REQUIRED ACTION
What is needed is a word-for-word copy of the lines below from the one with "Trong giai đoạn" through the one with "Loose-fit silk blouse", both included, with every picture left out.

SUPPLIED INFORMATION
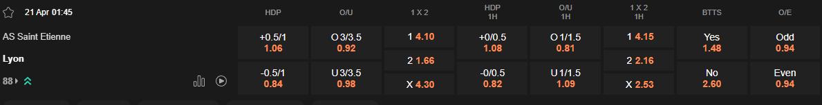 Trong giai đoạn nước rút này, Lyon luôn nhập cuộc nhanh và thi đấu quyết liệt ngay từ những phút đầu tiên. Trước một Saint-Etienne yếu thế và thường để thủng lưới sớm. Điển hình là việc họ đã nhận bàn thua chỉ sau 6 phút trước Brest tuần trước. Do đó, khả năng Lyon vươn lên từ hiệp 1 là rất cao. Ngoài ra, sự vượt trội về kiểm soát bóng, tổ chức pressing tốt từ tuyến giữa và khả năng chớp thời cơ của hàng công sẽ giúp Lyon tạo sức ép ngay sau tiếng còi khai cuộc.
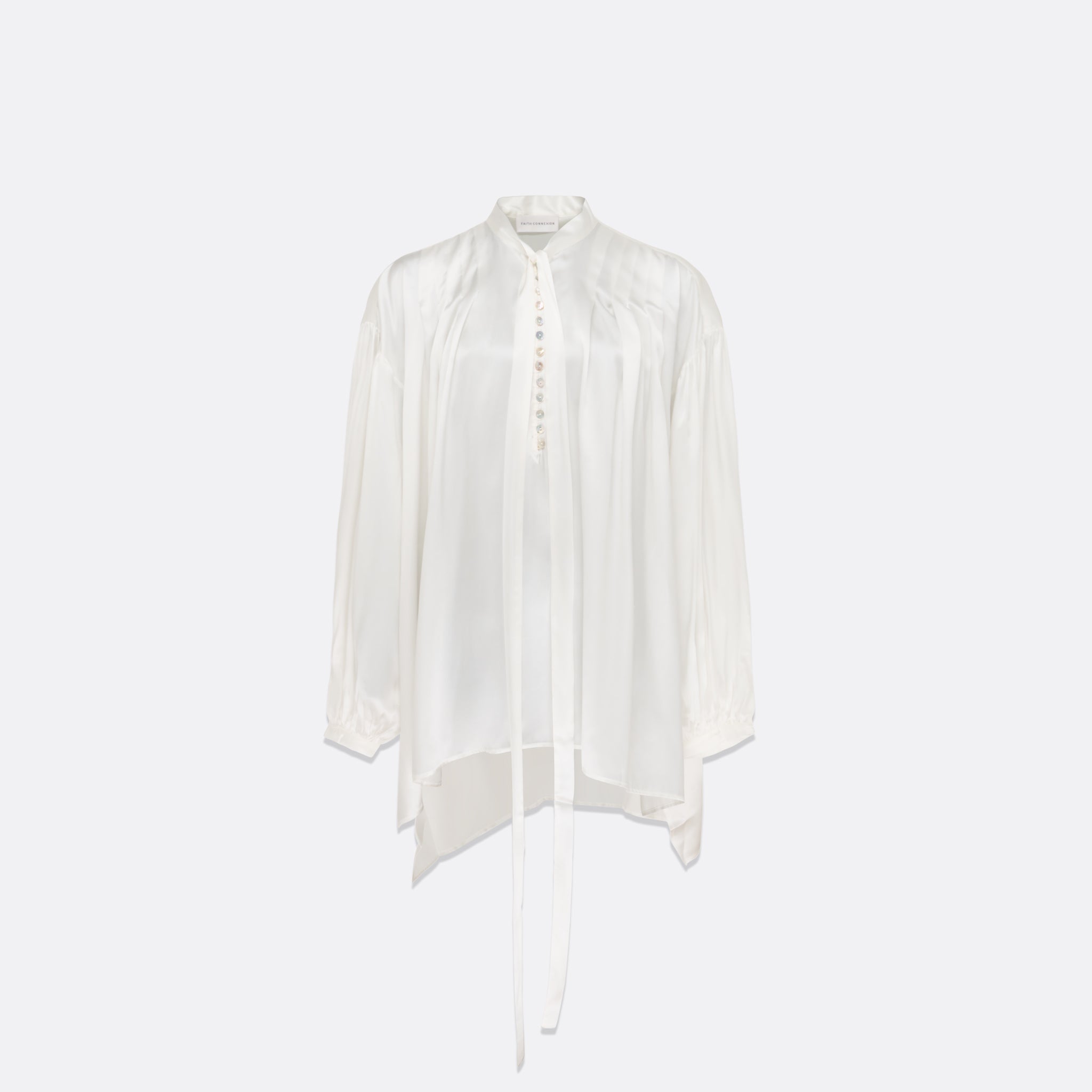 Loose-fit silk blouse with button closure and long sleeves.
==
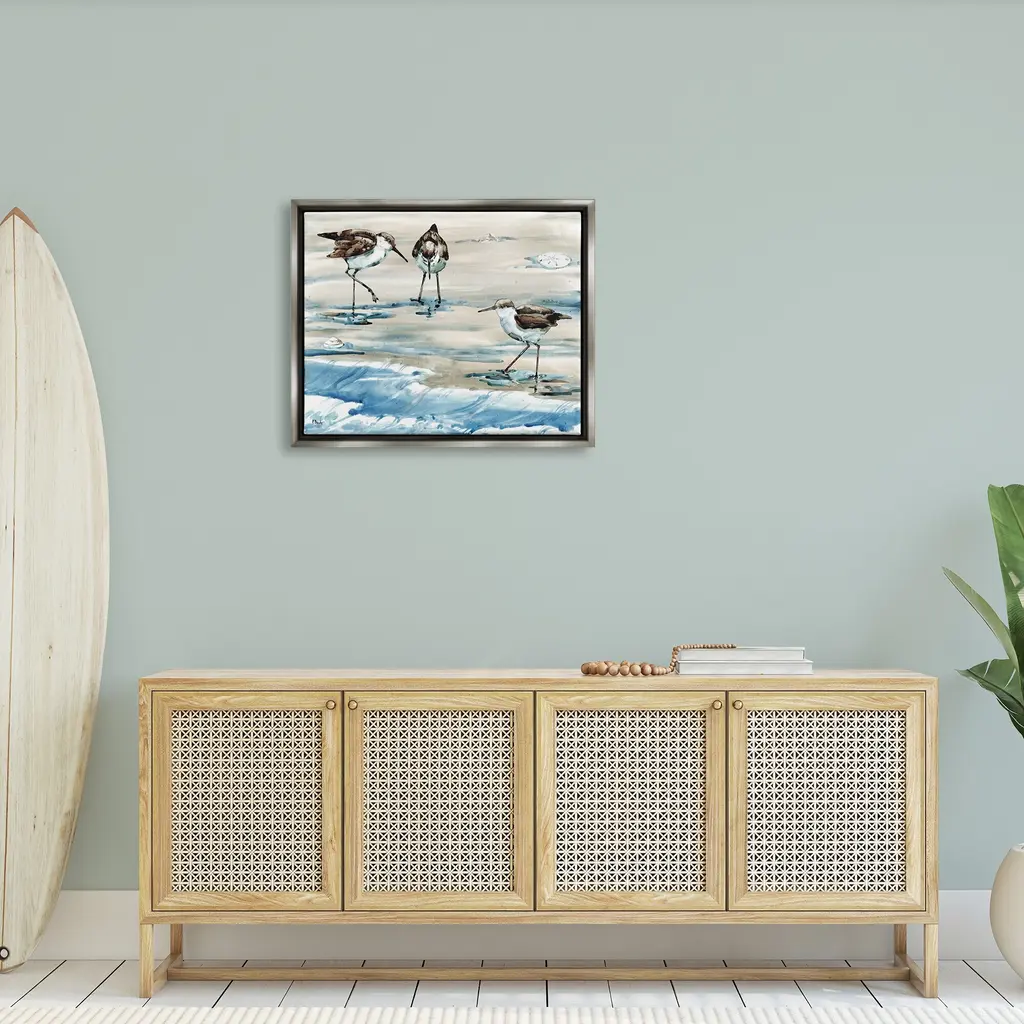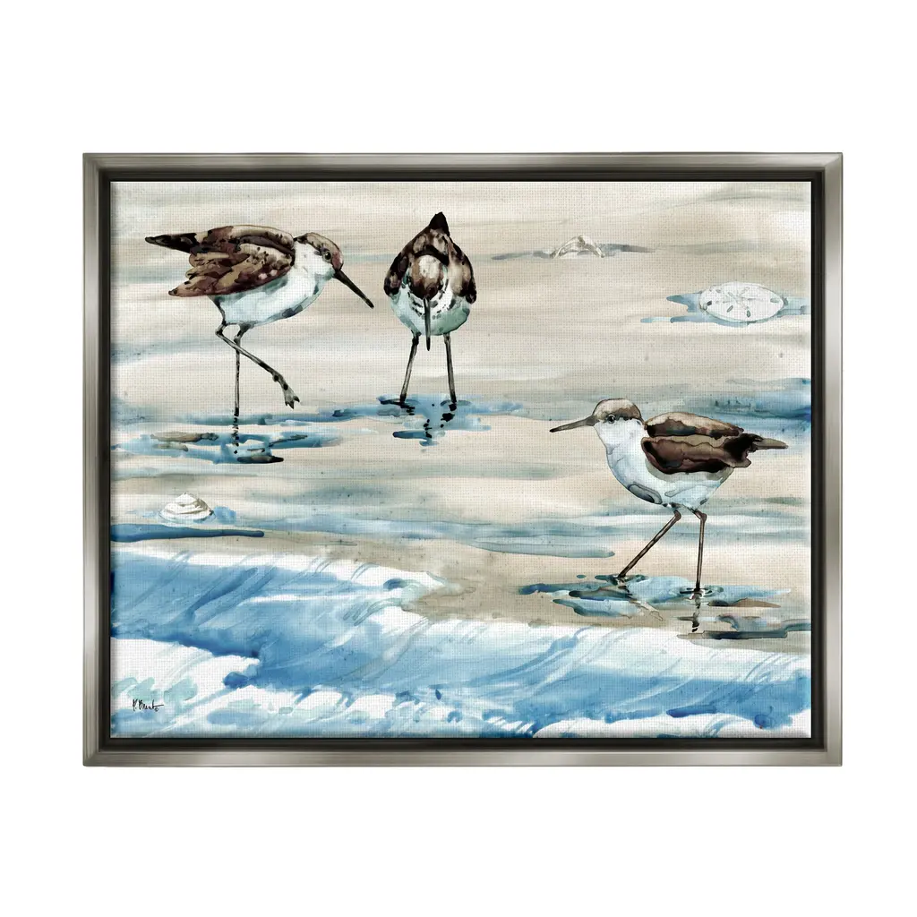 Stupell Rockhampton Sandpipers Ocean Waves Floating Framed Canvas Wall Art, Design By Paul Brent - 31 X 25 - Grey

TASK SOLUTION
 Trong giai đoạn nước rút này, Lyon luôn nhập cuộc nhanh và thi đấu quyết liệt ngay từ những phút đầu tiên. Trước một Saint-Etienne yếu thế và thường để thủng lưới sớm. Điển hình là việc họ đã nhận bàn thua chỉ sau 6 phút trước Brest tuần trước. Do đó, khả năng Lyon vươn lên từ hiệp 1 là rất cao. Ngoài ra, sự vượt trội về kiểm soát bóng, tổ chức pressing tốt từ tuyến giữa và khả năng chớp thời cơ của hàng công sẽ giúp Lyon tạo sức ép ngay sau tiếng còi khai cuộc.
 Loose-fit silk blouse with button closure and long sleeves.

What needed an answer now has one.